Machine learning-driven development of a stratified CES-D screening system: optimizing depression assessment through adaptive item selection | BMC Psychiatry

Table of Contents

Recursive Feature Elimination (RFE) and linear regression model

Through Recursive Feature Elimination (RFE) combined with cumulative variance explanation (R²) analysis, this study identified 9 core items with significant predictive power from the CES-D-20 scale. Unlike traditional scale reduction methods that set a predetermined target for the number of retained items, our approach employs Recursive Feature Elimination (RFE), a data-driven method that systematically identifies the optimal item set. The selection of 9 items was based on detecting the inflection point in the R² curve, where additional items contributed minimal incremental variance explanation. This approach ensures that the retained items maximize predictive efficiency without relying on arbitrary cutoffs.

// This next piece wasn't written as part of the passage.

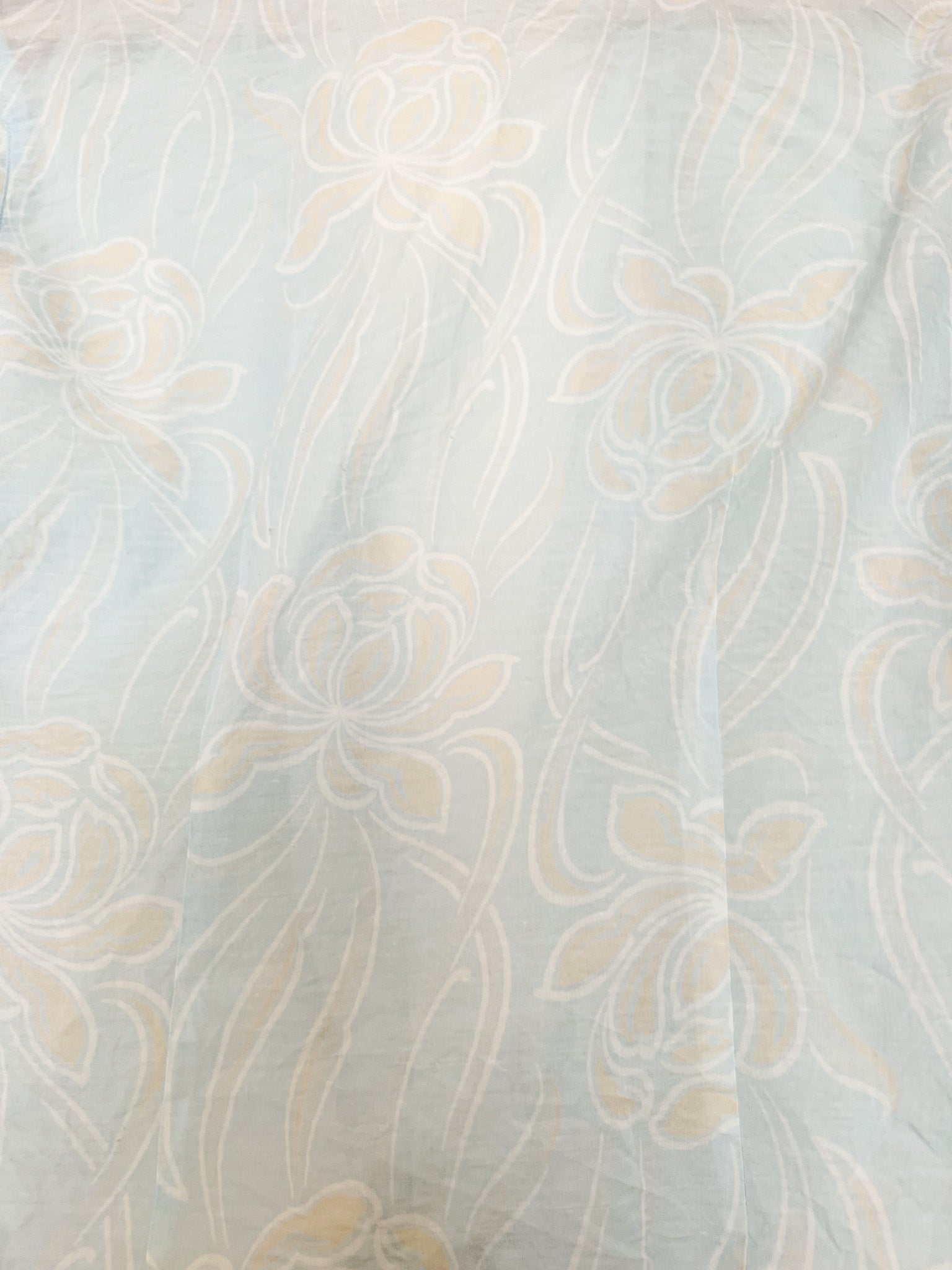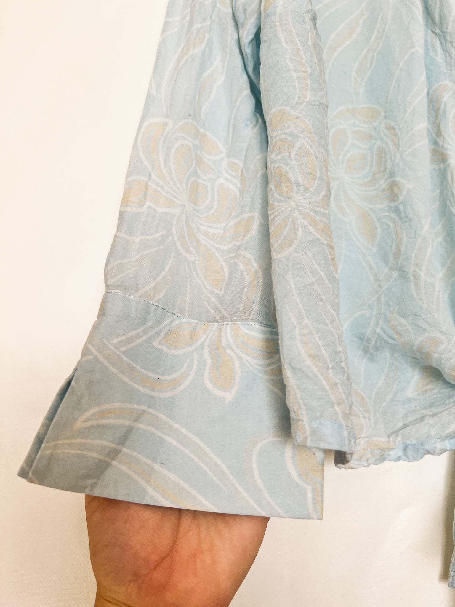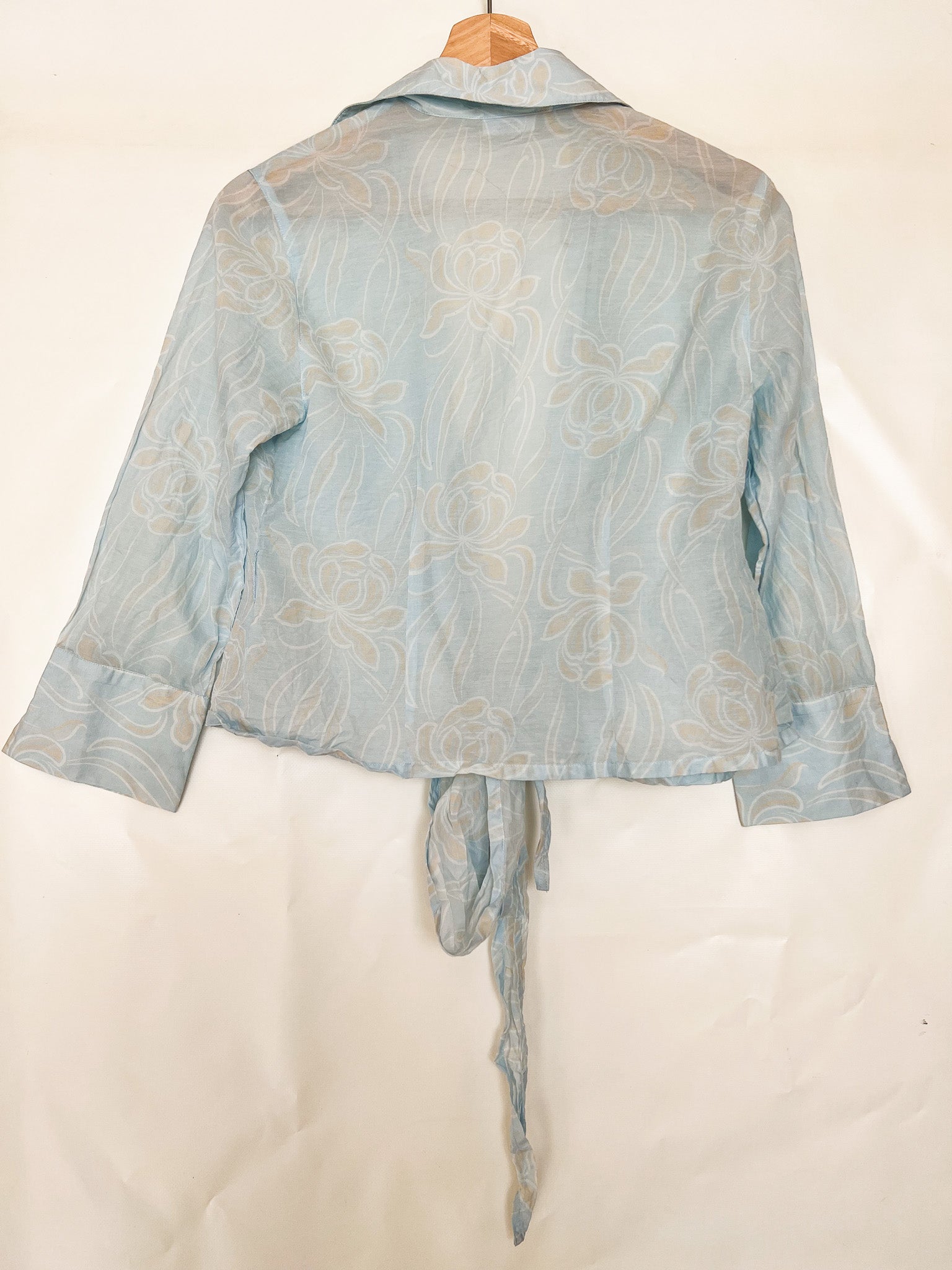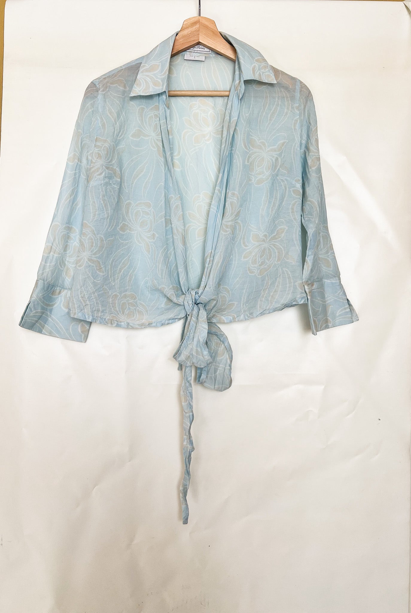 -The top is sheer and light blue with white and gray patterning. There are no buttons and it simply ties at the bottom. It is made of a silk/cotton blend.

These items encompass multiple dimensions of depressive symptoms: emotional symptoms (C06 “I felt depressed”, C12 “I felt unhappy”, C18 “I felt sad”), cognitive symptoms (C09 “I thought my life had been a failure”), somatic symptoms (C02 “I did not feel like eating; my appetite was poor”, C07 “I felt that everything I did was an effort”), interpersonal symptoms (C14 “I felt lonely”, C19 “People were unfriendly”), and emotional vulnerability (C01 “I was bothered by things that usually don’t bother me”). Tese results can be found in Table 1.

Table 1 Recursive feature elimination results for CES-D items: rankings and cumulative variance explained (R²) by progressive item addition, ordered by mean feature importance ranking

The linear regression model constructed based on these 9 core items demonstrated excellent predictive performance. In tenfold cross-validation, the model achieved an average variance explanation (R²) of 0.9565, indicating that this abbreviated version effectively captures the severity of depressive symptoms reflected in the original scale. The model obtained an R² value of 0.9572 on the independent test set, further confirming its robust generalizability. As shown in Fig. 2, the cumulative variance explanation rate plateaus when the number of features exceeds 9, suggesting that additional items provide limited marginal information, thus supporting the feasibility of scale simplification.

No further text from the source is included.